- Born: 20 May 1974 (age 52) Eisenhüttenstadt, East Germany
- Occupation: Politician
- Political party: Free Democratic Party

= Katja Adler =

German politician

Katja Adler (born 20 May 1974 in Eisenhüttenstadt) is a German politician from the Free Democratic Party (FDP) and civil servant. She was a member of the German Bundestag from 2021 to 2025.

== Early life ==
Adler was born in Eisenhüttenstadt, East Germany (now Brandenburg, Germany). Her parents are of German-Jewish origin. Adler attended Polytechnic Secondary School from 1980 to 1990. From 1982 to 1984, she attended the Frankfurt (Oder) sports school. From 1990, she was a pupil at Eisenhüttenstadt grammar school, where she graduated in 1992. She then studied at the University of Applied Sciences for Public Administration in Bernau, where she graduated in 1995 with a degree in public administration. In 1997, she began part-time studies at the University of Hagen, majoring in social behavioural sciences and minoring in political science and law, which she completed in 2006 with a Magister Artium.

== Political career ==
In 1995, she worked for the State Office for Food, Agriculture and Land Consolidation in Frankfurt an der Oder. From 1995 to 2002, Adler worked at the Ministry of Education of Mecklenburg-Vorpommern, specialising in science and research at universities. She was responsible for the University of Greifswald and Rostock University of Music and Theatre. In 2002, she moved to Rhineland-Palatinate and worked in the Ministry of Education, Science, Youth and Culture there until 2011, specialising in universities and science. From 2009 to 2011, she was assigned to the Rhineland-Palatinate Foundation for Innovation. From 2011 to 2021, she worked at the Rhineland-Palatinate Ministry for Family Affairs, Women, Culture and Integration, where she worked in the Children and Youth Department from 2011 to 2017 and in the Consumer Protection Department from 2017 to 2021.

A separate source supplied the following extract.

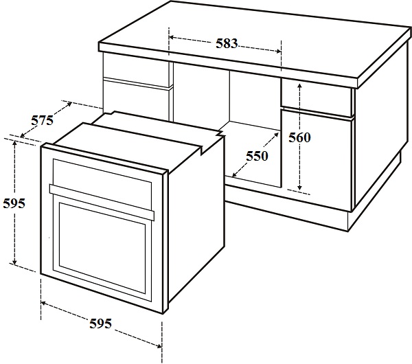 • Kích thước âm tủ: 560x583x550mm (CaoxNgangXSâu)

At the 2021 German federal election, Adler unsuccessfully contested Hochtaunus, but was elected to the Bundestag on the state list. She received 11.3% of the first votes in her constituency and only came fourth with this result. In parliament, she has since been serving on the Committee on Family Affairs, Senior Citizens, Women and Youth. She is also secretary and a deputy member of the Committee on Education, Research and Technology Assessment and the Committee on Health.

==Political activities==
Adler joined the FDP in 2010 and has been Chairwoman of the FDP Oberursel since 2011. She has been a member of the FDP parliamentary group in the Oberursel town council since 2014, where she was Chair of the Social, Education and Culture Committee and Chair of her parliamentary group from 2016 to 2021. From 2021 to the end of 2022, she was deputy chair of her parliamentary group. Since 6 December 2022, Katja Adler has been the sole representative of the FDP in the Oberursel town parliament - without parliamentary group status. Due to disagreements within the parliamentary group, which manifested themselves in the course of the budget debate, all three other group members left the FDP and are now represented in the city parliament as a group in the newly founded ULO (Unabhängige Liste Oberursel).

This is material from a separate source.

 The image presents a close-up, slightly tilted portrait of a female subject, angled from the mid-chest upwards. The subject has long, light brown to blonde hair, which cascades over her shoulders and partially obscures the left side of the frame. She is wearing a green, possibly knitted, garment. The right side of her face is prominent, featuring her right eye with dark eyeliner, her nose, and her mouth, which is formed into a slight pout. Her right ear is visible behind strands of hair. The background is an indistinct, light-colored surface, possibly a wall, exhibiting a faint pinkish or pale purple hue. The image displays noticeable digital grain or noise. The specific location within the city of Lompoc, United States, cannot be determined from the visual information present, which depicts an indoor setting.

Katja Adler has been a member of the Hochtaunus district council since 2016, where she is a member of the committee for schools, culture, sport and leisure. She has been deputy chairwoman of the committee and deputy leader of the FDP parliamentary group since 2021.

From 2017 to 2019, she was a member of the state executive committee of the FDP Hessen in the role of assessor. Since 2020, she has been a member of the FDP Hochtaunuskreis district executive committee as an assessor.

==Political positions==
In September 2022, she was one of seven members of the FDP parliamentary group in the Bundestag to vote against a new version of the Infection Protection Act of the traffic light coalition. In February 2024, she was the only member of the FDP parliamentary group to vote against the Cannabis Act.

==Private life==
Adler is the mother of two children (* 2003; * 2008) and has lived in Oberursel since 2002.

She is in a relationship with the former Hessian Minister of Economics Florian Rentsch.